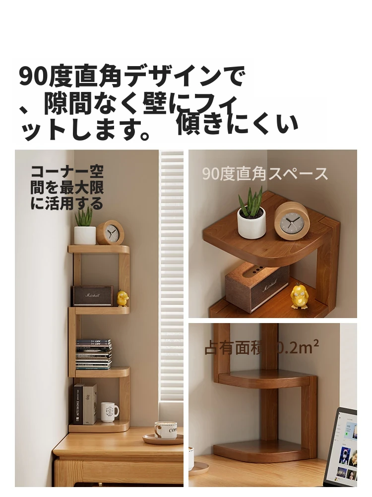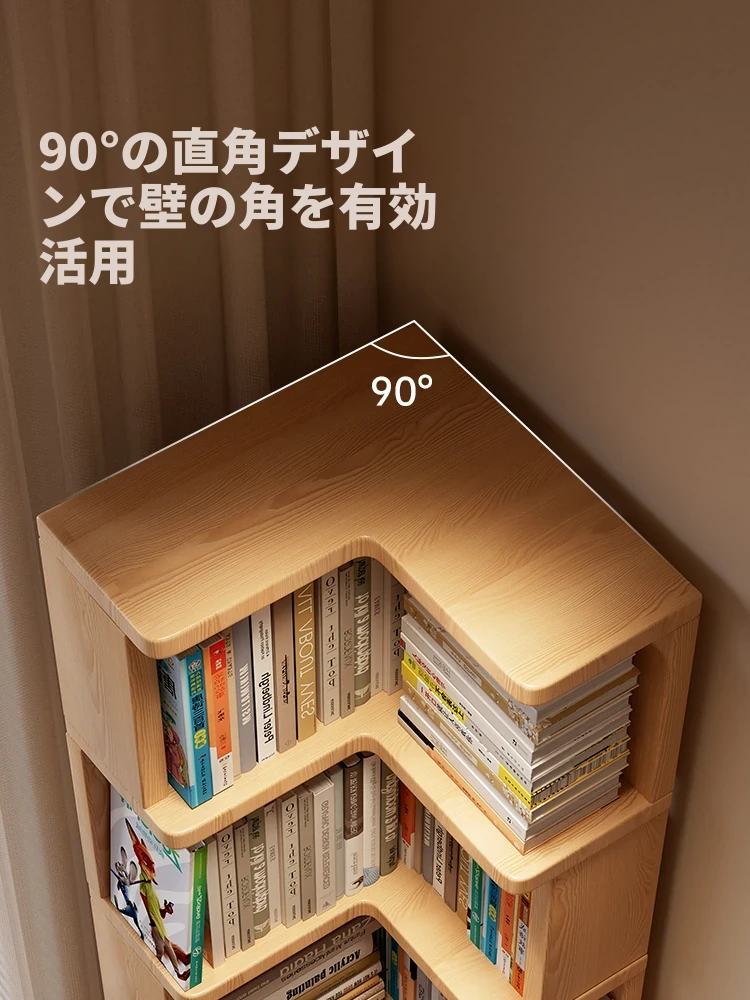 天然木製の多層コーナー書棚 - 学生や家庭に最適なデスク上収納!角にぴったりフィットし、スタイリッシュに収納力アップ。デスク周りをスッキリ整理し、おしゃれな空間を演出します!
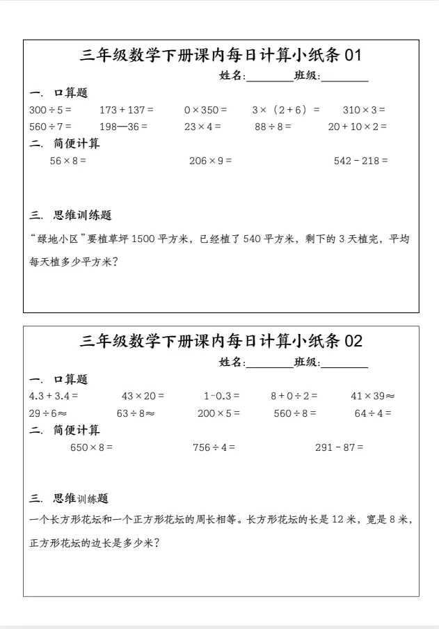 (可下载)三年级下册数学每日计算小纸条电子版
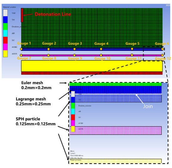 - Sun, Z.R.; Shi, C.G.; Xu, F.; Feng, K.; Zhou, C.H.; Wu, X.M. Detonation process analysis and interface morphology distribution of double vertical explosive welding by SPH 2D/3D numerical simulation and experiment. Mater. Des. 2020, 191, 108630. [Google Scholar] [CrossRef]
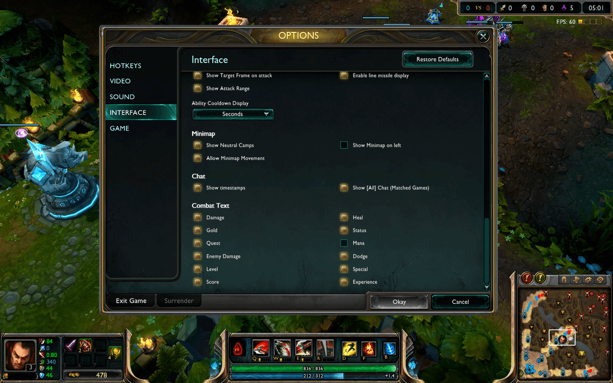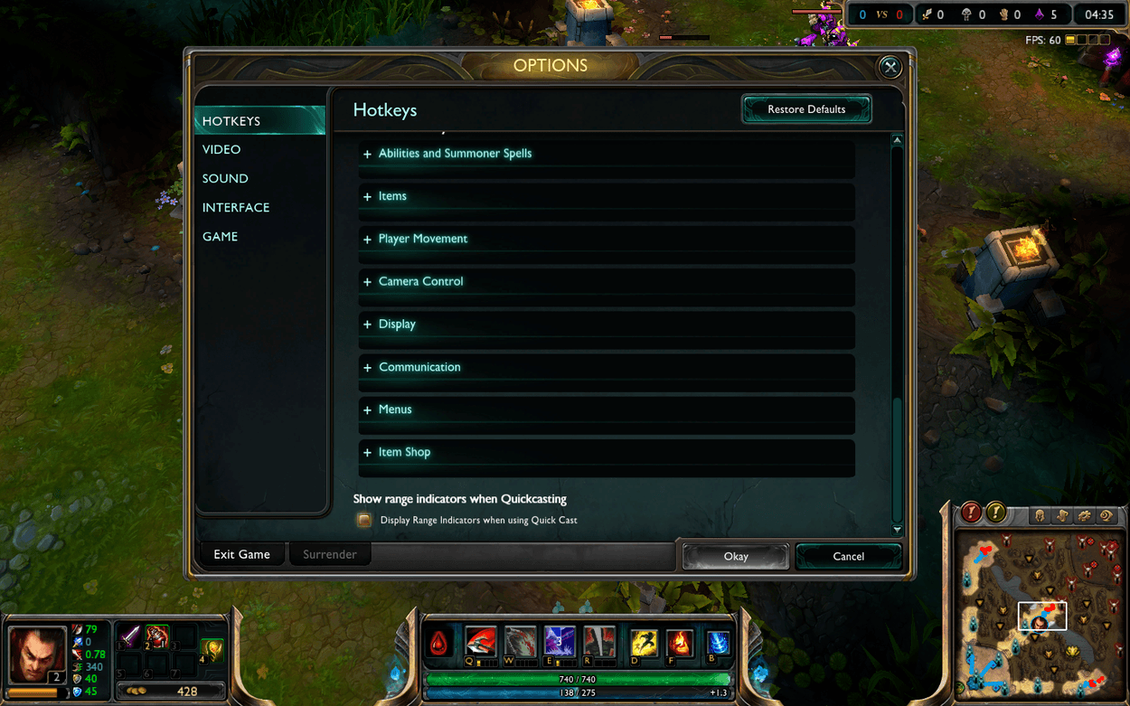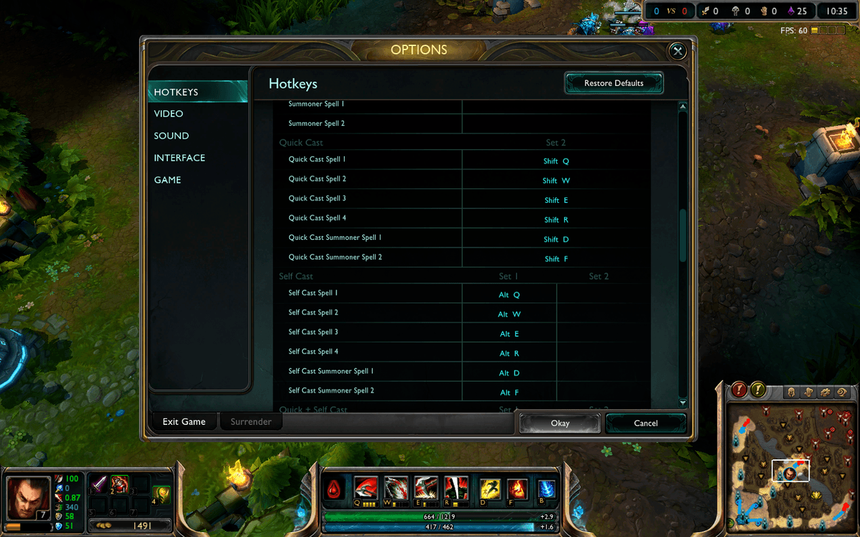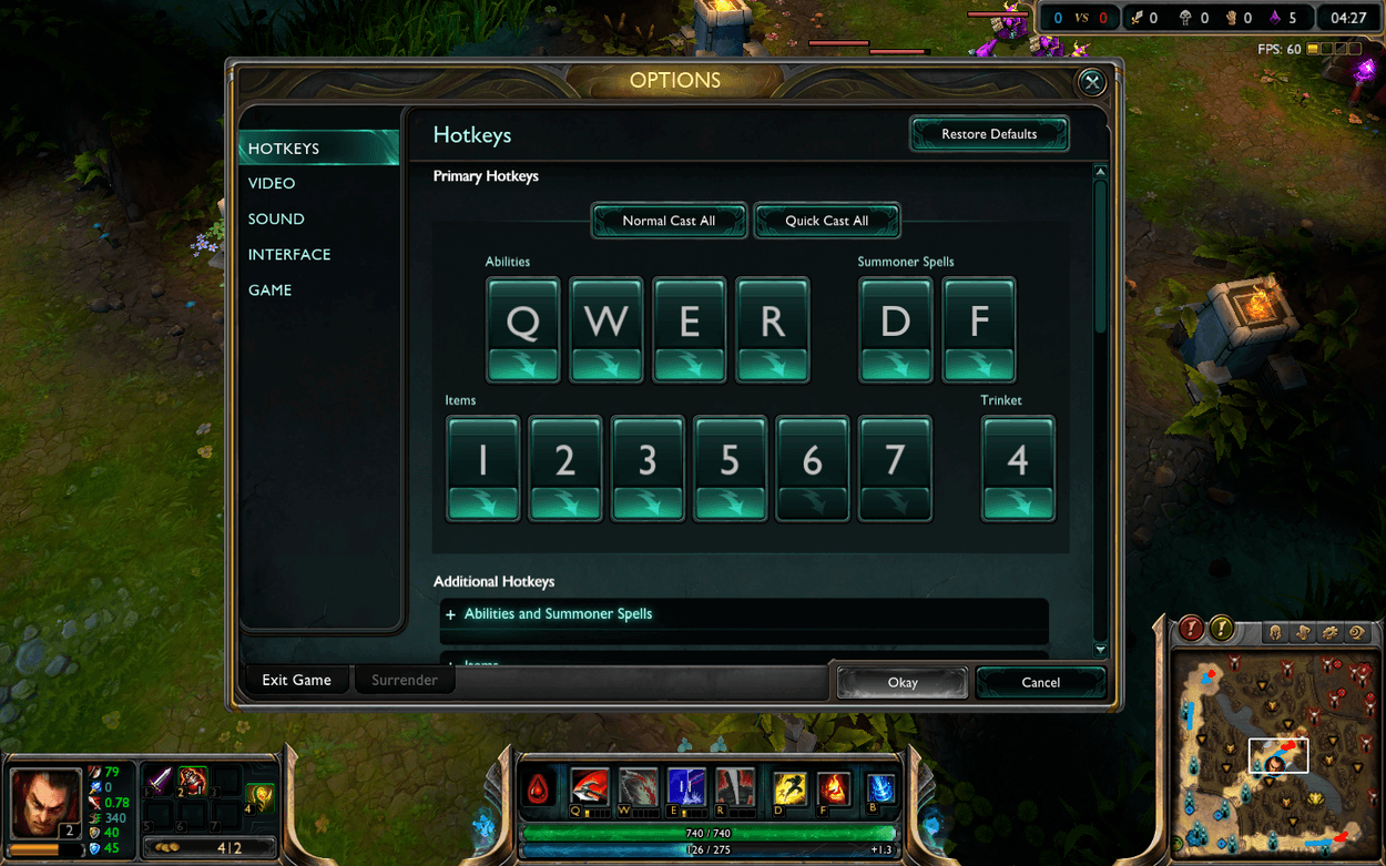 If you’re like me, you probably struggle with any more than a few active items (*cough* support items *cough*) and might end up using your Zhonya’s hourglass by mistake instead of warding. By finding comfortable buttons for active items, they will be much easier to use. If you happen to be lucky enough to have a mouse with additional buttons on it, try binding item slots to them in the settings menu (and consider smartcasting some of them as well!). This includes moving your items around as you buy them so that you consistently have your active items on the same keys game to game. Especially for champions who can ward jump (such as Lee sin, Katarina and Jax), binding a key to a place a ward is very useful.

Try it -> The copy must match the listing above exactly, except that it holds no pictures.

Problem solution ->
 天然木製の多層コーナー書棚 - 学生や家庭に最適なデスク上収納!角にぴったりフィットし、スタイリッシュに収納力アップ。デスク周りをスッキリ整理し、おしゃれな空間を演出します!
 (可下载)三年级下册数学每日计算小纸条电子版
 - Sun, Z.R.; Shi, C.G.; Xu, F.; Feng, K.; Zhou, C.H.; Wu, X.M. Detonation process analysis and interface morphology distribution of double vertical explosive welding by SPH 2D/3D numerical simulation and experiment. Mater. Des. 2020, 191, 108630. [Google Scholar] [CrossRef]
 If you’re like me, you probably struggle with any more than a few active items (*cough* support items *cough*) and might end up using your Zhonya’s hourglass by mistake instead of warding. By finding comfortable buttons for active items, they will be much easier to use. If you happen to be lucky enough to have a mouse with additional buttons on it, try binding item slots to them in the settings menu (and consider smartcasting some of them as well!). This includes moving your items around as you buy them so that you consistently have your active items on the same keys game to game. Especially for champions who can ward jump (such as Lee sin, Katarina and Jax), binding a key to a place a ward is very useful.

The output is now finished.